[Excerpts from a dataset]
═══
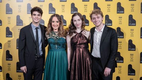 La diputada Glòria Tello con los ganadores del Premi Iturbi:  Elia Cecino, Anthony Ratinov y Rachel Breen
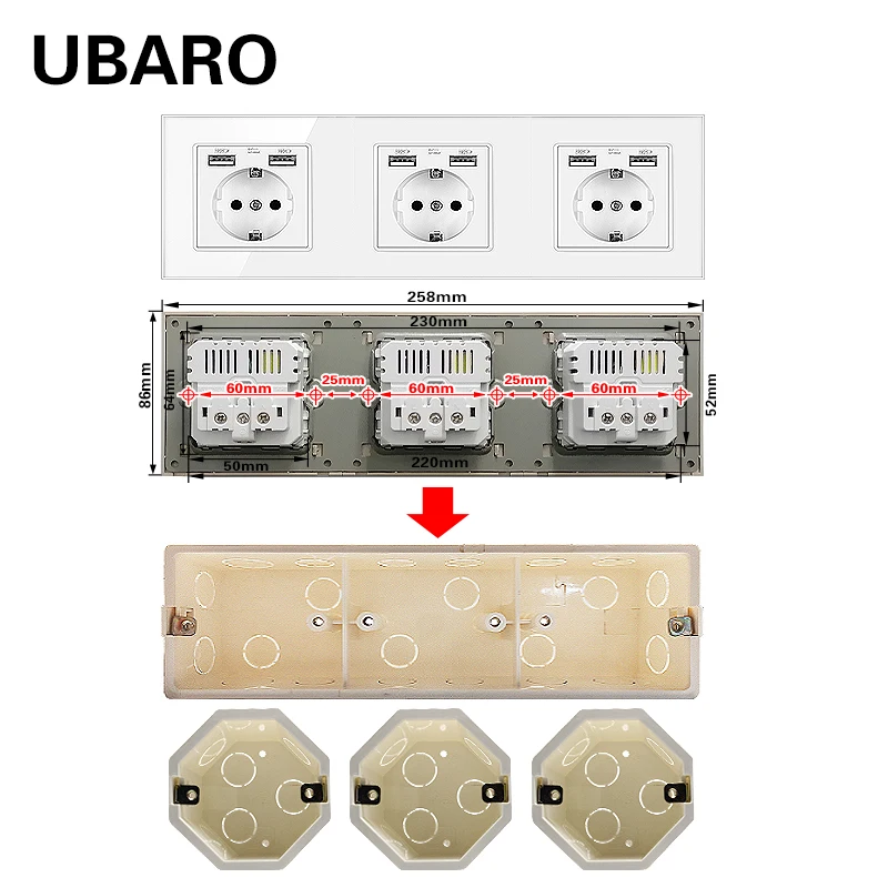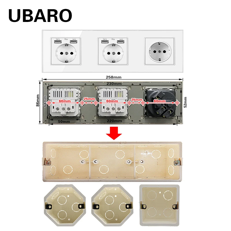 Скрытая Нижняя розетка 255*80*50 мм, пластиковый материал, белая поверхность, розетка и настенный светильник, сенсорный переключатель, распределительная коробка
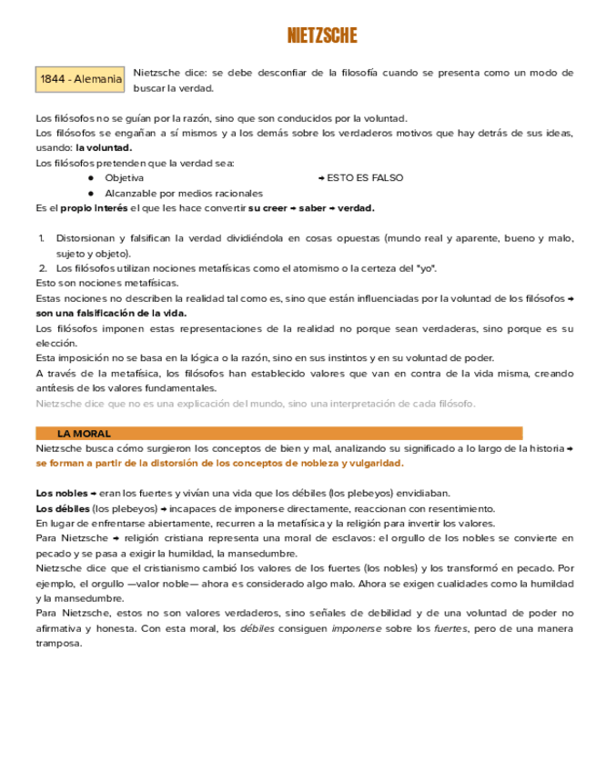 Apuntes de Nietzshe de 2º bachillerato para la PAU: moral, la muerte de Dios, el eterno retorno y el superhombre
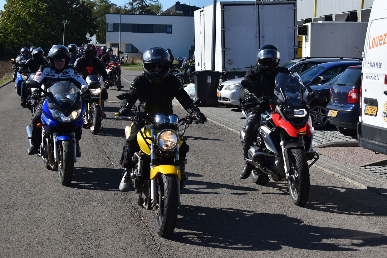 Beim Start am frühen Morgen in Kayl waren die Aussentemperaturen recht kühl, das Thermometer zeigte gerade mal 2 Grad an, doch recht schnell wurde es zunehmend wärmer. Und bei klarem blauen Himmel und sonnigen Temperaturen konnten die 38 Teilnehmer der "Schung Tour" - gemeint sind die Umrisse des Grossherzogtums - des Moto-Clubs Kayldall ihre Herbstausfahrt geniessen. Die Biker benutzten die Strassen im westlichen Teil Luxemburgs, teils wurde auch in Belgien gefahren, um nach Heiderscheid (Ort) zu gelangen, wo man Mittag machte. Der zweite Teil der Ausfahrt bestand aus einer Schleife in der Gegend um Vianden, man befuhr auch Strassen in der Eifel, um das Ziel in Heiderscheid (Fussekaul) anzusteuern. Dort beim gemütlichen Beisammensein endete die diesjährige Motorradsaison des MCK:
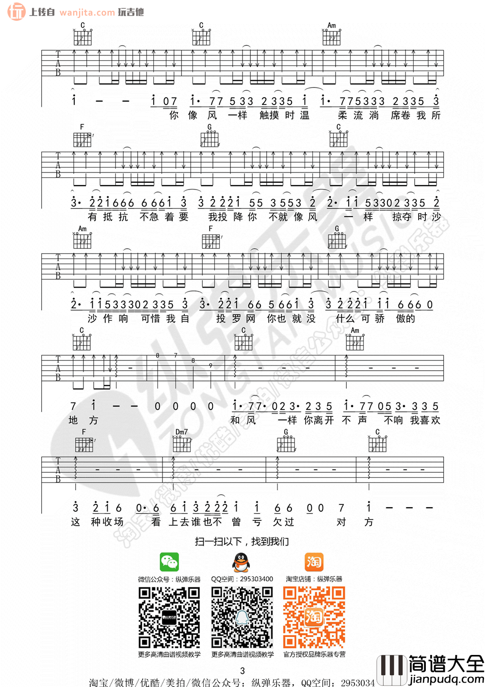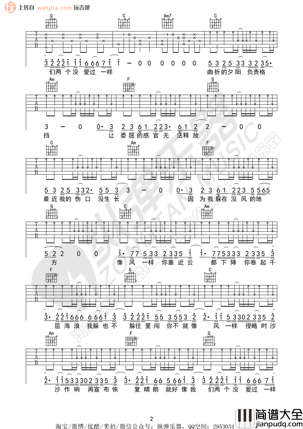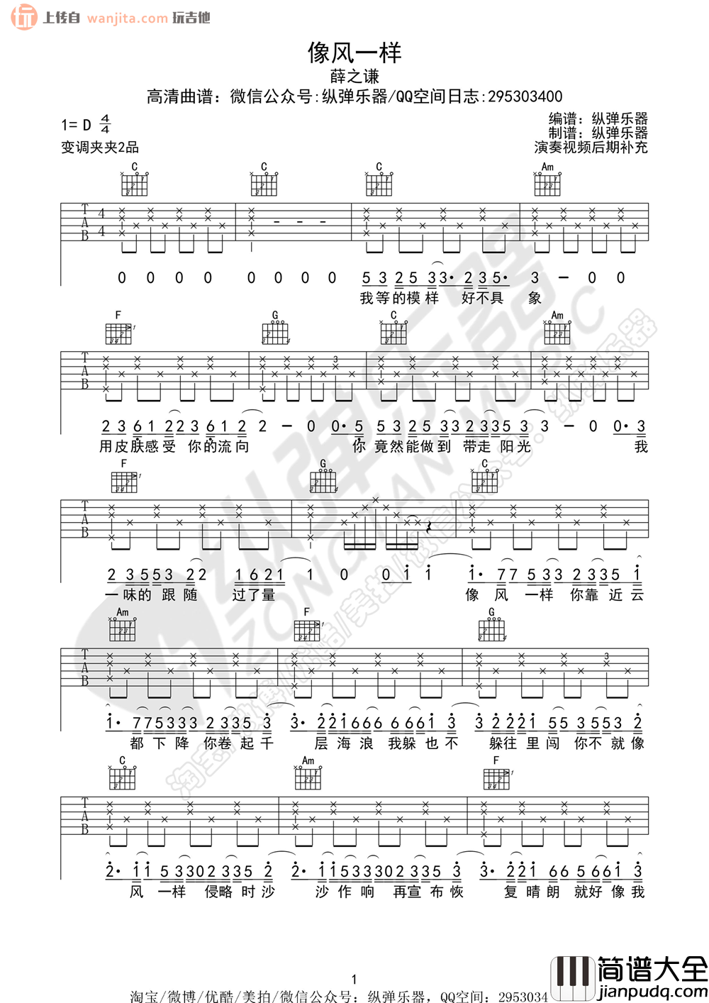 《像风一样》吉他谱,原调D调,变调夹夹2品。歌曲整体不算难,这首歌主要表达的是情感,经典的薛式情歌。所以吉他能很好地搭配这首歌,很适合吉他弹唱的一首流行伤感音乐。
═══
**What the task asks**
Output should consist of the lines above from the one with "Скрытая Нижняя розетка" down to the one with "Apuntes de Nietzshe", exact and without pictures.

**Your solution**
 Скрытая Нижняя розетка 255*80*50 мм, пластиковый материал, белая поверхность, розетка и настенный светильник, сенсорный переключатель, распределительная коробка
 Apuntes de Nietzshe de 2º bachillerato para la PAU: moral, la muerte de Dios, el eterno retorno y el superhombre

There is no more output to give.